At the end of the creed came a list of anathemas, designed to repudiate explicitly the Arians' stated claims.

 The view that "there was once when he was not" was rejected to maintain the coeternity of the Son with the Father.
 The view that he was "mutable or subject to change" was rejected to maintain that the Son just like the Father was beyond any form of weakness or corruptibility, and most importantly that he could not fall away from absolute moral perfection.

Thus, instead of a baptismal creed acceptable to both the Arians and their opponents, the Council promulgated one which was clearly opposed to Arianism and incompatible with the distinctive core of their beliefs. The text of this profession of faith is preserved in a letter of Eusebius to his congregation, in Athanasius' works, and elsewhere. Although the most vocal of anti-Arians, the Homoousians (from the Koine Greek word translated as "of same substance" which was condemned at the Council of Antioch in 264–268) were in the minority, the creed was accepted by the Council.

Bishop Hosius of Cordova, one of the firm Homoousians, may well have helped bring the Council to consensus. At the time of the Council, he was the confidant of the emperor in all Church matters. Hosius stands at the head of the lists of bishops, and Athanasius ascribes to him the actual formulation of the creed. Leaders such as Eustathius of Antioch, Alexander of Alexandria, Athanasius, and Marcellus of Ancyra all adhered to the Homoousian position.

In spite of his sympathy for Arius, Eusebius of Caesarea adhered to the decisions of the Council, accepting the entire creed. The initial number of bishops supporting Arius was small perhaps only around 18. After a month of discussion, on 19 June, there were only two left: Theonas of Marmarica in Libya and Secundus of Ptolemais. Maris of Chalcedon, who initially supported Arianism, agreed to the whole creed but not the anathemas. Similarly, Eusebius of Nicomedia and Theognis of Nice also agreed, except for certain statements.

The emperor carried out his earlier statement: everybody who refused to endorse the creed would be exiled. Arius, Theonas, and Secundus refused to adhere to the creed and were thus exiled to Illyria, in addition to being excommunicated. The works of Arius were ordered to be confiscated and consigned to the flames, while his supporters were considered as "enemies of Christianity". Nevertheless, the controversy continued in various parts of the empire.

The creed was amended by the First Council of Constantinople in 381.

Separation of Easter computation from Jewish calendar 
The feast of Easter is linked to the Jewish Passover and Feast of Unleavened Bread, as Christians believe that the crucifixion and resurrection of Jesus occurred at the time of those observances. As early as Pope Sixtus I in the 2nd century, some Christians had set Easter to a Sunday in the lunar month of Nisan. To determine which lunar month was to be designated as Nisan, Christians relied on the Jewish community. By the late 3rd century some Christians began to express dissatisfaction with what they took to be the disorderly state of the Jewish calendar. They argued that contemporary Jews were identifying the wrong lunar month as the month of Nisan, choosing a month whose 14th day fell before the spring equinox.
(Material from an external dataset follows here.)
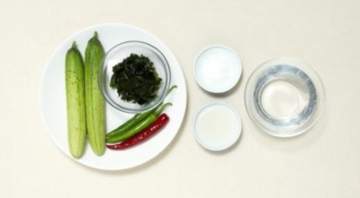 기본 재료 : 오이 1/2개, 굵은 소금 1줌, 양파 1/4개, 물기 짠 불린 미역 1컵, 국간장 1작은술, 설탕 2 큰술, 다진 마늘 1작은술, 통깨 약간
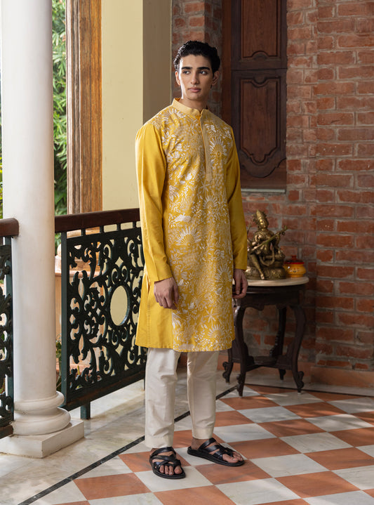 Govind Yellow Embroidered Katan Kurta SetRegular price Rs. 4,332Regular priceUnit price / perRs. 7,220Sale price Rs. 4,33240%

Christians, these thinkers argued, should abandon the custom of relying on Jewish informants and instead do their own computations to determine which month should be styled Nisan, setting Easter within this independently computed, Christian Nisan, which would always locate the festival after the equinox. They justified this break with tradition by arguing that it was in fact the contemporary Jewish calendar that had broken with tradition by ignoring the equinox and that in former times the 14th of Nisan had never preceded the equinox. Others felt that the customary practice of reliance on the Jewish calendar should continue, even if the Jewish computations were in error from a Christian point of view.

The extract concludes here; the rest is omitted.